Start of Entries shown

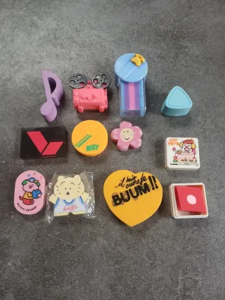 .- Gomma a forma di nota musicale viola. - Gomma a forma di cinepresa rosa. - Gomma a forma di triangolo azzurro. - Gomma rettangolare nera con logo . - Gomma a forma di cuore gialla con scritta. Alcune gomme sono del Mulino Bianco, l'ultima foto con la gomma singola è in regalo.
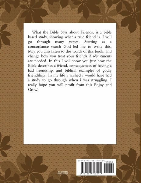 What the Bible Says about Friends, is a bible based study, showing what a true friend is. I will go through many verses. Starting as a concordance search God led me to write this. May you also listen to the words of this book, and change how you treat your friends if adjustments are needed. In this I will show you just how the Bible describes a friend, consequences of having a bad friendship, and biblical examples of godly friendships. In my life i wished i would have had a study to go through when i was struggling. I really hope you will profit from this Enjoy and Grow!
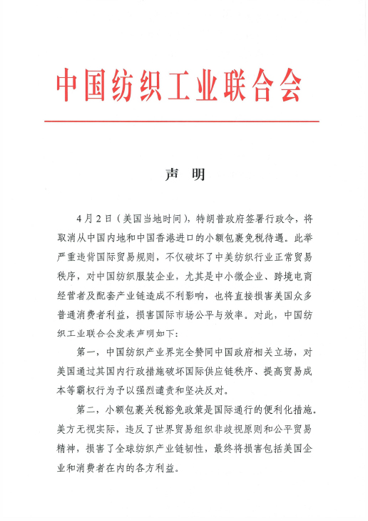 4月2日(美國(guó)當(dāng)?shù)貢r(shí)間),特朗普政府簽署行政令,將取消從中國(guó)內(nèi)地和中國(guó)香港進(jìn)口的小額包裹免稅待遇。此舉嚴(yán)重違背國(guó)際貿(mào)易規(guī)則,不僅破壞了中美紡織行業(yè)正常貿(mào)易秩序,對(duì)中國(guó)紡織服裝企業(yè),尤其是中小微企業(yè)、跨境電商經(jīng)營(yíng)者及配套產(chǎn)業(yè)鏈造成不利影響,也將直接損害美國(guó)眾多普通消費(fèi)者利益,損害國(guó)際市場(chǎng)公平與效率。對(duì)此,中國(guó)紡織工業(yè)聯(lián)合會(huì)發(fā)表聲明如下:
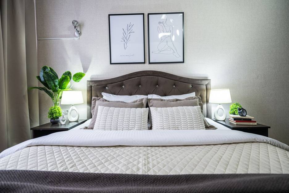 ✔ В изумительной спальне роскошная двуспальная кровать с каретной стяжкой, с ортопедическим матрасом - обеспечит безмятежный сон. Плотные портьеры способствуют полной светоизоляции. Для хранения вещей предназначен вместительный угловой шкаф - купе с зеркальной створкой. Красивые светильники на прикроватных тумбах создают атмосферу покоя и уюта перед сном. ЖК-телевизор поможет скрасить досуг.
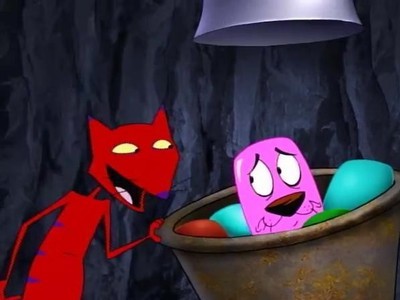 - “Katz Kandy” – Muriel and Courage are making candy apples in preparation for the Nowhere Sweet Stuff Contest. Meanwhile, Katz has developed a living jam monster to kidnap Muriel and coerce her into revealing the secret ingredient in her candy apples. Once the candy apples are finished, Courage answers a knock on the backdoor. The jam monster attacks them and carries the both of them to Katz Kandy, a candy shop run by Katz. Eustace comes home for dinner and notices a trail of purple jam leading out the door, which he starts licking up and following. (He really only notices because he is ready for dinner.)The jam monster throws Courage and Muriel into the basement, where Katz comes to meet them. Katz then shows why he brought them there, revealing that he keeps placing Second in the Nowhere Sweet Stuff Contest. Katz tries to force Muriel to reveal her secret ingredient by placing her onto a giant candy cane above a taffy-puller. Meanwhile Courage is bound in bubble-gum to a stone wall. Katz explains that if Muriel doesn’t reveal her secret ingredient, he will pull a lever which will drop Muriel and the candy cane into the taffy-puller, killing her presumably. Courage chews through the bubble-gum and uses it to blow a bubble to float up to Katz. The bubble pops when it hits the ceiling, dropping Courage onto Katz, which prevents him from pulling the lever. Eustace arrives at Katz Kandy where the jam monster attacks him. Down in the basement, Katz allows a “small spot of sport”—a staring contest—before Courage “goes bye-bye”. Courage immediately begins to suffer. (Anytime there is a battle with Katz…. Courage seems to have such a hard time.) Eustace scares away the jam monster with his iconic “OOGA BOOGA BOOGA!” mask and goes down to the basement. Eustace’s arrival startles Courage, causing him to blink and lose the game. Katz throws Courage into a giant jujube maker, turning him into a purple jujube. Eustace complains about dinner and asks Muriel in a confused manner why she is walking around without her boot, but Muriel demands that he get her away from the taffy-puller. Eustace reaches Muriel (He is actually helpful… I am shocked.) and Katz pulls the lever, nearly turning them into taffy. While Katz and Eustace are fighting on the candy canes, Courage rolls up the stairs and rams the lever, which drops Katz into the taffy-puller. Katz, now being pulled into taffy but still being alive, still demands to know Muriel’s secret ingredient, and she reveals that it is vinegar. In the end, Muriel and Courage win 1st place in the 43rd Annual Nowhere Sweet Stuff Contest, while Katz receives his usual 2nd place.
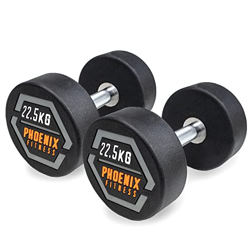 Phoenix Fitness Rubber Coated Cast Dumbbells - Fixed Weight for Fitness & Strength Training, Lifting & Bodybuilding - Ideal for Home Gym, Commercial Gym, Studio - Sold as Pairs, 22.5kg
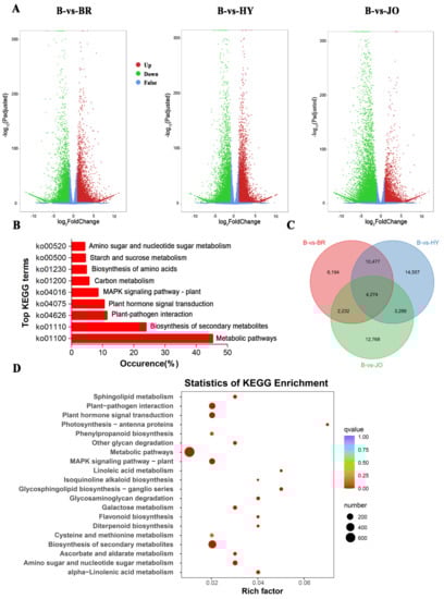 Differentially expressed unigenes between pod skins of the green and purple okra (B vs. BR, B vs. HY, and B vs. JO). (A) Volcano plots displaying the up−regulated, down−regulated, and no−regulated genes of the three compared groups. (B) Top KEGG terms contributed by all the differentially expressed unigenes. (C) Venn diagram showing the shared and the unique differentially expressed unigenes across the three compared groups of okra pods. (D) The top 20 of KEGG enrichment of the 4,274 differentially expressed unigenes shared by the three compared groups.

End of Entries shown

Leaving pictures aside, write out each record above exactly as given.

### Solution to the problem
 .- Gomma a forma di nota musicale viola. - Gomma a forma di cinepresa rosa. - Gomma a forma di triangolo azzurro. - Gomma rettangolare nera con logo . - Gomma a forma di cuore gialla con scritta. Alcune gomme sono del Mulino Bianco, l'ultima foto con la gomma singola è in regalo.
 What the Bible Says about Friends, is a bible based study, showing what a true friend is. I will go through many verses. Starting as a concordance search God led me to write this. May you also listen to the words of this book, and change how you treat your friends if adjustments are needed. In this I will show you just how the Bible describes a friend, consequences of having a bad friendship, and biblical examples of godly friendships. In my life i wished i would have had a study to go through when i was struggling. I really hope you will profit from this Enjoy and Grow!
 4月2日(美國(guó)當(dāng)?shù)貢r(shí)間),特朗普政府簽署行政令,將取消從中國(guó)內(nèi)地和中國(guó)香港進(jìn)口的小額包裹免稅待遇。此舉嚴(yán)重違背國(guó)際貿(mào)易規(guī)則,不僅破壞了中美紡織行業(yè)正常貿(mào)易秩序,對(duì)中國(guó)紡織服裝企業(yè),尤其是中小微企業(yè)、跨境電商經(jīng)營(yíng)者及配套產(chǎn)業(yè)鏈造成不利影響,也將直接損害美國(guó)眾多普通消費(fèi)者利益,損害國(guó)際市場(chǎng)公平與效率。對(duì)此,中國(guó)紡織工業(yè)聯(lián)合會(huì)發(fā)表聲明如下:
 ✔ В изумительной спальне роскошная двуспальная кровать с каретной стяжкой, с ортопедическим матрасом - обеспечит безмятежный сон. Плотные портьеры способствуют полной светоизоляции. Для хранения вещей предназначен вместительный угловой шкаф - купе с зеркальной створкой. Красивые светильники на прикроватных тумбах создают атмосферу покоя и уюта перед сном. ЖК-телевизор поможет скрасить досуг.
 - “Katz Kandy” – Muriel and Courage are making candy apples in preparation for the Nowhere Sweet Stuff Contest. Meanwhile, Katz has developed a living jam monster to kidnap Muriel and coerce her into revealing the secret ingredient in her candy apples. Once the candy apples are finished, Courage answers a knock on the backdoor. The jam monster attacks them and carries the both of them to Katz Kandy, a candy shop run by Katz. Eustace comes home for dinner and notices a trail of purple jam leading out the door, which he starts licking up and following. (He really only notices because he is ready for dinner.)The jam monster throws Courage and Muriel into the basement, where Katz comes to meet them. Katz then shows why he brought them there, revealing that he keeps placing Second in the Nowhere Sweet Stuff Contest. Katz tries to force Muriel to reveal her secret ingredient by placing her onto a giant candy cane above a taffy-puller. Meanwhile Courage is bound in bubble-gum to a stone wall. Katz explains that if Muriel doesn’t reveal her secret ingredient, he will pull a lever which will drop Muriel and the candy cane into the taffy-puller, killing her presumably. Courage chews through the bubble-gum and uses it to blow a bubble to float up to Katz. The bubble pops when it hits the ceiling, dropping Courage onto Katz, which prevents him from pulling the lever. Eustace arrives at Katz Kandy where the jam monster attacks him. Down in the basement, Katz allows a “small spot of sport”—a staring contest—before Courage “goes bye-bye”. Courage immediately begins to suffer. (Anytime there is a battle with Katz…. Courage seems to have such a hard time.) Eustace scares away the jam monster with his iconic “OOGA BOOGA BOOGA!” mask and goes down to the basement. Eustace’s arrival startles Courage, causing him to blink and lose the game. Katz throws Courage into a giant jujube maker, turning him into a purple jujube. Eustace complains about dinner and asks Muriel in a confused manner why she is walking around without her boot, but Muriel demands that he get her away from the taffy-puller. Eustace reaches Muriel (He is actually helpful… I am shocked.) and Katz pulls the lever, nearly turning them into taffy. While Katz and Eustace are fighting on the candy canes, Courage rolls up the stairs and rams the lever, which drops Katz into the taffy-puller. Katz, now being pulled into taffy but still being alive, still demands to know Muriel’s secret ingredient, and she reveals that it is vinegar. In the end, Muriel and Courage win 1st place in the 43rd Annual Nowhere Sweet Stuff Contest, while Katz receives his usual 2nd place.
 Phoenix Fitness Rubber Coated Cast Dumbbells - Fixed Weight for Fitness & Strength Training, Lifting & Bodybuilding - Ideal for Home Gym, Commercial Gym, Studio - Sold as Pairs, 22.5kg
 Differentially expressed unigenes between pod skins of the green and purple okra (B vs. BR, B vs. HY, and B vs. JO). (A) Volcano plots displaying the up−regulated, down−regulated, and no−regulated genes of the three compared groups. (B) Top KEGG terms contributed by all the differentially expressed unigenes. (C) Venn diagram showing the shared and the unique differentially expressed unigenes across the three compared groups of okra pods. (D) The top 20 of KEGG enrichment of the 4,274 differentially expressed unigenes shared by the three compared groups.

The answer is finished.